Admiral Sir Algernon Charles Fieschi Heneage (19 March 1833 – 10 June 1915) was a Royal Navy officer who went on to be Commander-in-Chief, The Nore. Dubbed "Pompo", he was known for his immaculate dress and his white-glove inspections of the ships under his command.

==Early life==
Born at Arthingworth, Northamptonshire, Heneage was the son of Charles Fieschi Heneage, by his marriage to Louisa Elizabeth Graves, a daughter of Thomas Graves, 2nd Baron Graves.
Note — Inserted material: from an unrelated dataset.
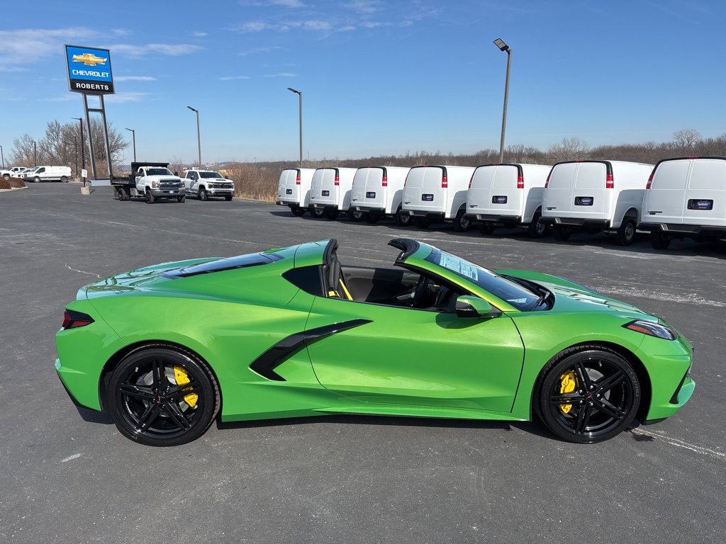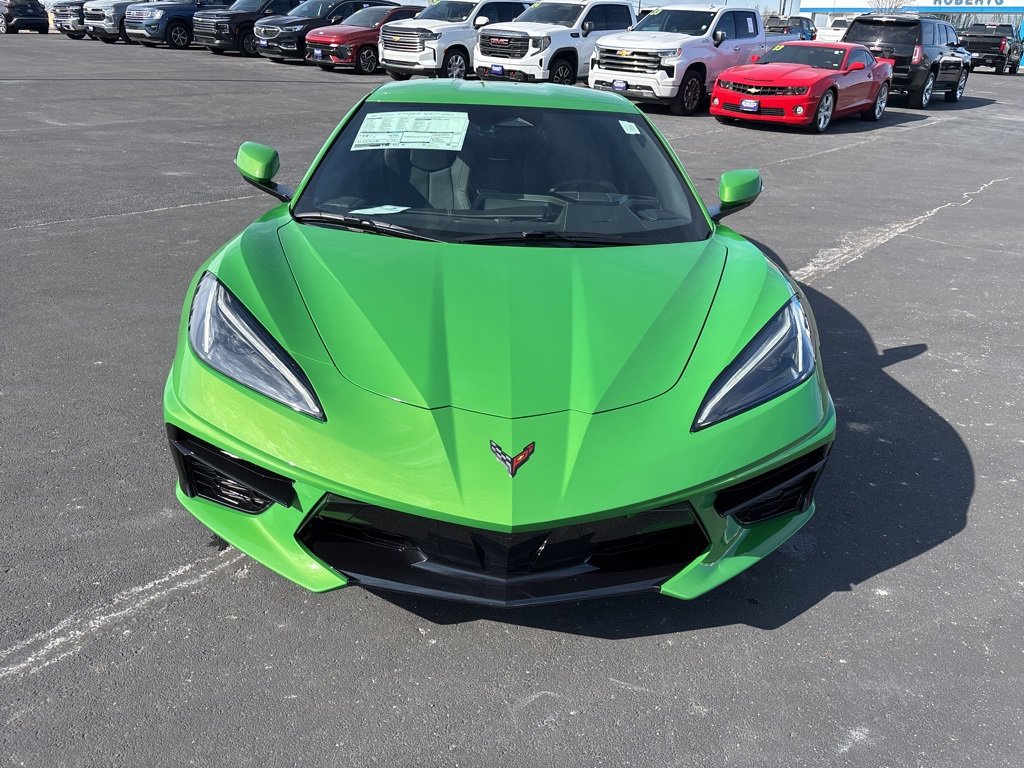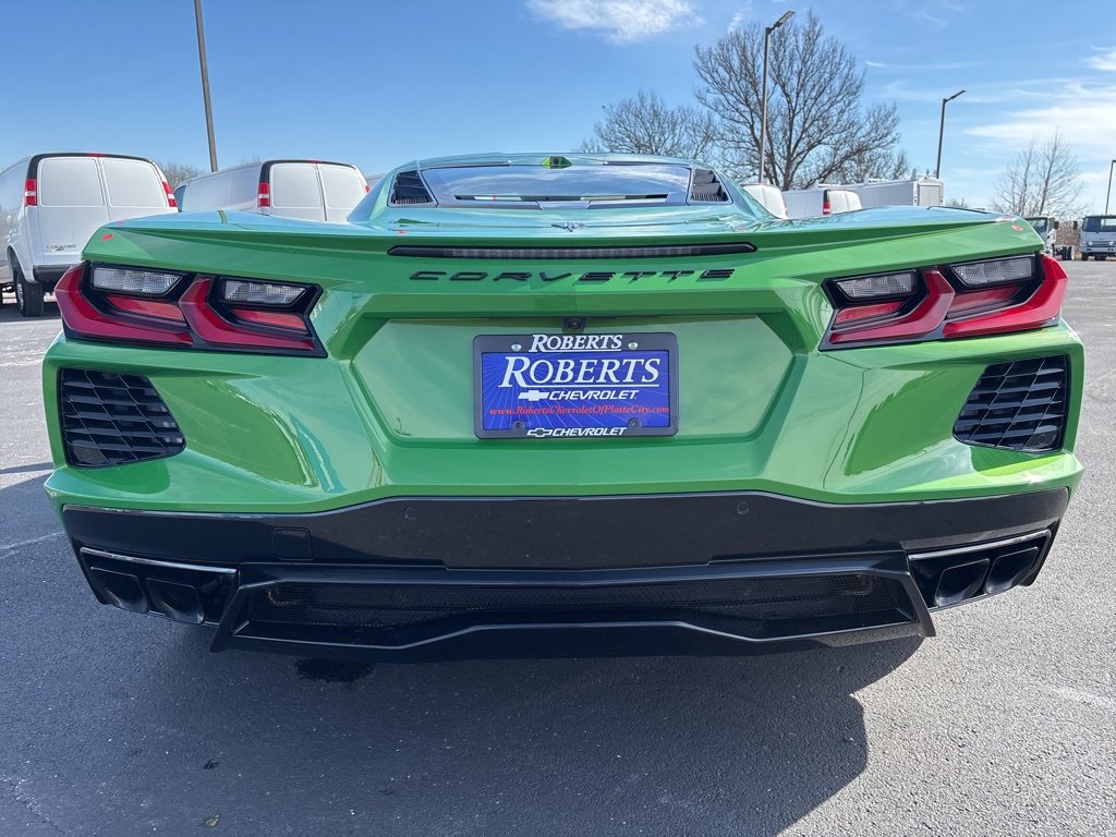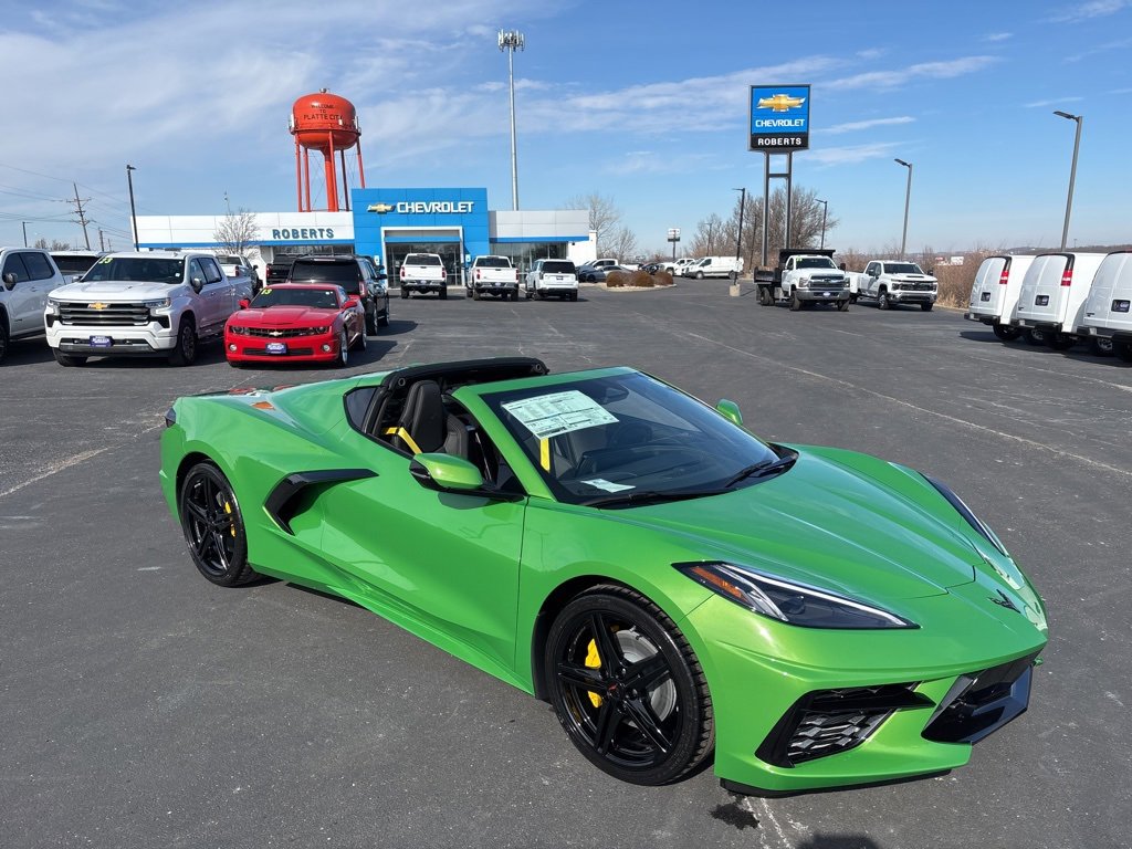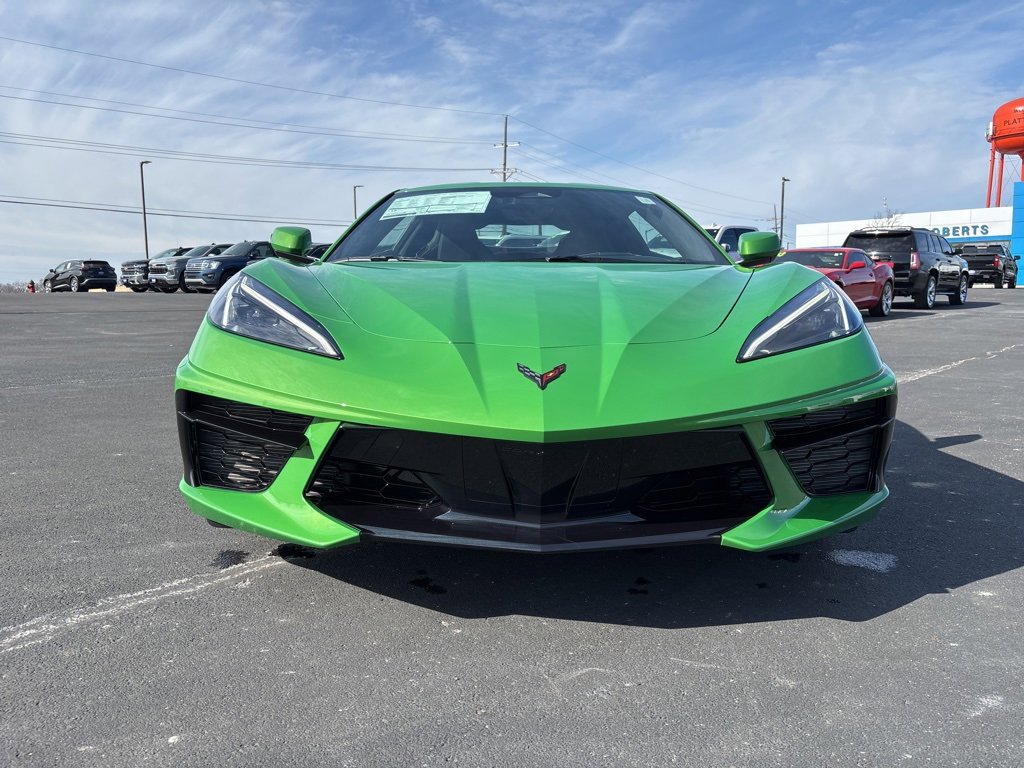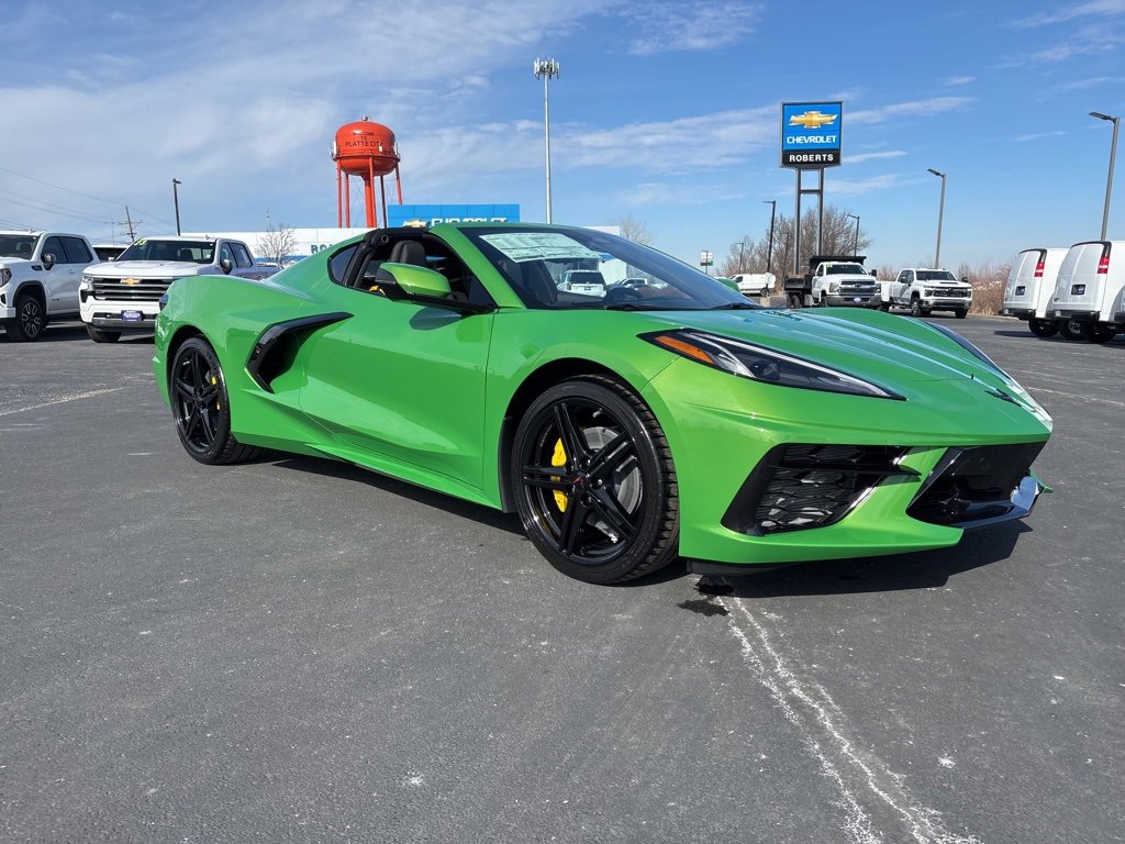 2026 Chevrolet Corvette Stingray 1LT 6.2L V8 RWD 2D Coupe Roswell Green Metallic10 Speakers, 4-Wheel Disc Brakes, 8-Way Power Driver Seat Adjuster, 8-Way Power Passenger Seat Adjuster, ABS brakes, Air Conditioning, Alloy wheels, AM/FM radio: SiriusXM, Auto High-beam Headlights, Auto-dimming Rear-View mirror, Automatic temperature control, Battery Protection Package, Black Exhaust Tips, Brake assist, Bumpers: body-color, Carbon Flash Metallic-Painted High Wing Spoiler, Compass, Delay-off headlights, Driver door bin, Driver vanity mirror, Dual front impact airbags, Dual front side impact airbags, Electronic Stability Control, Emergency communication system: OnStar and Chevrolet connected services capable, Engine Lighting, Four wheel independent suspension, Front anti-roll bar, Front Bucket Seats, Front Center Armrest, Front dual zone A/C, Front reading lights, Fully automatic headlights, GT1 Bucket Seats, Heated door mirrors, Illuminated entry, Leather Shift Knob, Leather steering wheel, Low tire pressure warning, Mulan Leather Seating Surfaces with Perforated Inserts, Navigation System, Occupant sensing airbag, Outside temperature display, Overhead console, Panic alarm, Passenger door bin, Passenger vanity mirror, Performance Exhaust with Stainless-Steel Tips, Power door mirrors, Power driver seat, Power passenger seat, Power steering, Power windows, Premium audio system: Chevrolet Infotainment 3 Plus, Radio data system, Radio: Infotainment System with Google Built-in, Rear anti-roll bar, Rear window defroster, Remote keyless entry, Speed control, Speed-sensing steering, Sport steering wheel, Steering wheel mounted audio controls, Tachometer, Telescoping steering wheel, Tilt steering wheel, Traction control, Trip computer, Turn signal indicator mirrors, Variably intermittent wipers, Velocity Yellow-Painted Calipers, Voltmeter, Wheels: 19 x 8.5 Front and 20 x 11 Rear 5-Split-Spoke, Yellow Seat Belt Color.At Roberts Chevrolet in Platte City, MO, we take pride in being a family-owned and operated dealership serving Platte City and the greater Kansas City area since 1999 reflecting a longstanding commitment to our community. We believe a handshake is more than a gesture; it's a symbol of trust, integrity, and our unwavering commitment to our customers. As part of that commitment, we are proud to offer a Free Lifetime Powertrain Warranty on qualifying new and used vehicles. This exclusive benefit provides long-term peace of mind at no cost to our customers further reinforcing our promise of honest value, transparent deals, and a truly worry-free ownership experience. Our Free Lifetime Powertrain Warranty is Nationwide - with NO mileage limits and NO time limits. Our Handshake Promise ensures a transparent, no-pressure car-buying experience where every customer is treated like family. As your local Chevrolet dealer, we understand the importance of trust and transparency. That’s why our customers appreciate our straightforward approach honest deals without hidden fees, and the price you see is the price you pay.Our dealership is more than just a place to buy a car; it's a part of the community. With a wide selection of new and pre-owned Chevrolet vehicles, we cater to the diverse needs of drivers in Platte City and surrounding areas including Weston, St. Joseph, Liberty, Kansas City, North Kansas City, Parkville, Leavenworth, KS, and Lansing, KS. Our commitment to excellence extends beyond sales, offering top-notch service and maintenance to keep your vehicle running smoothly throughout its lifetime. Thank you for taking the time to look at this stunning-looking 2026 Chevrolet Corvette. Join the many satisfied customers who have found their perfect vehicle at Roberts Chevrolet. Visit us today and see why we're known for being the gold standard. Just good people doing good business with great deals who still believe in the golden rule! Important Pricing & Availability Information Roberts Chevrole

His father was then a Captain in the British Army.

==Naval career==
Heneage was commissioned as a lieutenant into the Royal Navy in 1854. In 1861, he was commanding officer of HMS Falcon, part of the West Africa Squadron. Promoted to captain in 1866, he took command of HMS Rodney in 1867 and then HMS Warrior in 1881. He was promoted to rear-admiral in 1884, and appointed Commander-in-Chief, Pacific Station in 1887. He was promoted vice-admiral in 1889, and appointed Commander-in-Chief, The Nore in 1892. He was appointed a Knight Commander of the Order of the Bath in the 1892 Birthday Honours.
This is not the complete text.